The poised young blond stewardess opened the folding door between sections, and then walked briskly forward again, preparatory to taking her own seat and fastening her own belt. She was carrying a blanket or something, they always seemed to be tidying up an airplane just before it landed. He said, “Miss?” and when she stopped he noticed that she kept her distance. “Miss, where are we? We’re coming down someplace, aren’t we?”
“Yes?”
“Well, where are we coming down?” he asked.
“Los Angeles,” she said.
“Oh good,” he answered. “I’ve never been to Los Angeles before.” He paused, and then smiled. “Miss?”
“Yes, what it is? I’ve got to take a seat.”

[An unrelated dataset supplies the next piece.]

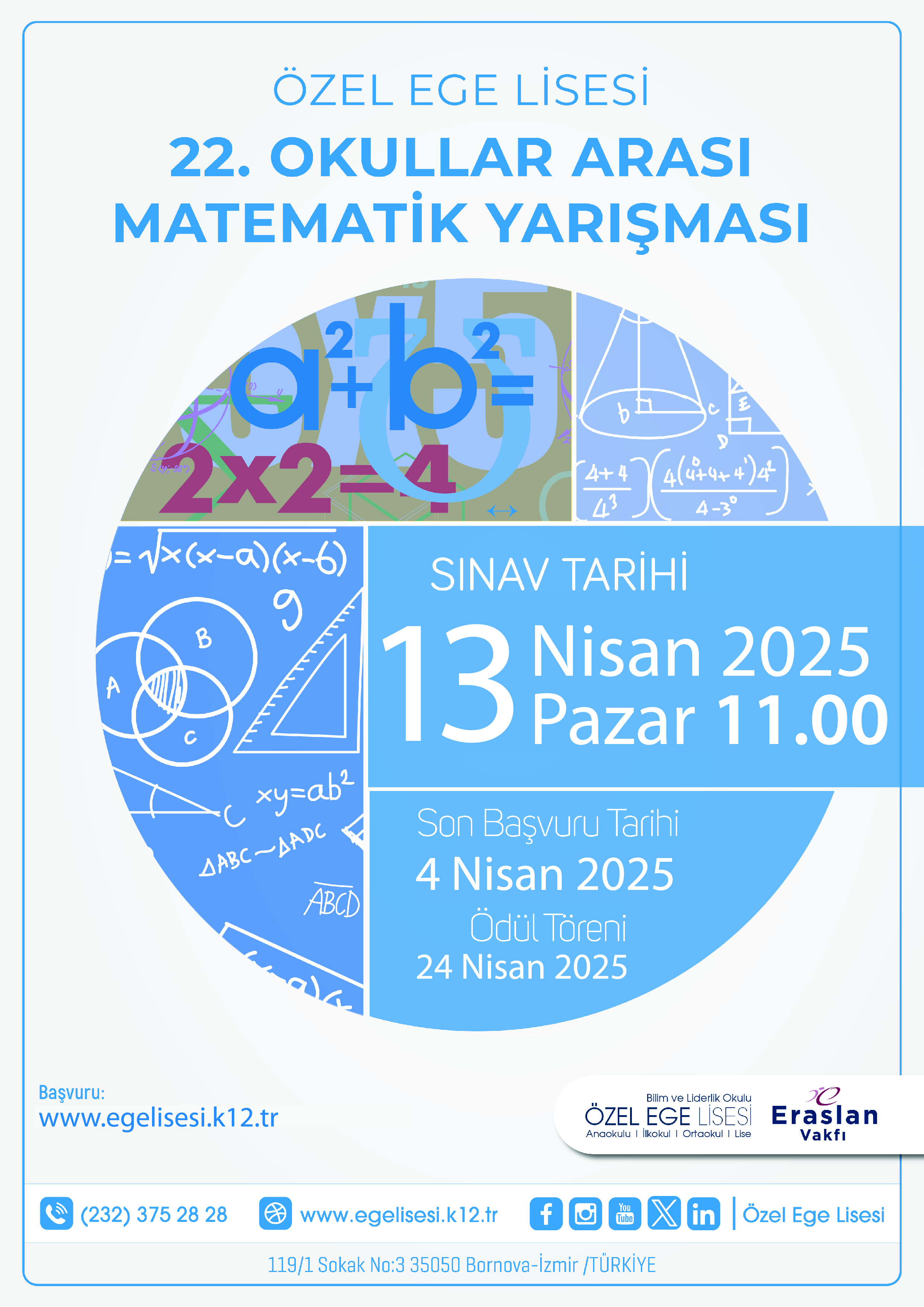 13 Nisan 2025 Pazar günü İzmir genelinde gerçekleştirilen "Özel Ege Lisesi 22. Okullar Arası Matematik Yarışması" sonuçları açıklandı. Sınav Sonucunuzu Öğrenmek İçin:

“I know. I just wanted to ask you something. Did I put my hand under your skirt?”
“Yes, you did.”
“Just a little while ago?”
“Yes.”
“Thank you,” he said.
“Is that all?”
“Yes, thank you.”
The stewardess smiled. “All right,” she said. She started up the aisle again, stopped, turned back, leaned over, and whispered, “Your hands are cold.”
“Thank you,” he said.
“All right,” she answered, and smiled, and left.
He pressed his forehead to the glass and watched the lights drawing closer and closer. He could see moving automobiles below now, and neon signs, and traffic signals blinking on and off, the Lionel train set his father had bought him for Christmas long ago, toy houses puffing smoke, reach down like God and lift the little automobiles, the movie with Roland Young where the huge pointing finger of God came down over his head. There was speed suddenly, a sense of blinding speed as the ground moved up and the airport buildings flashed by in a dizzying blur. He felt the vibration of the wheels when they touched.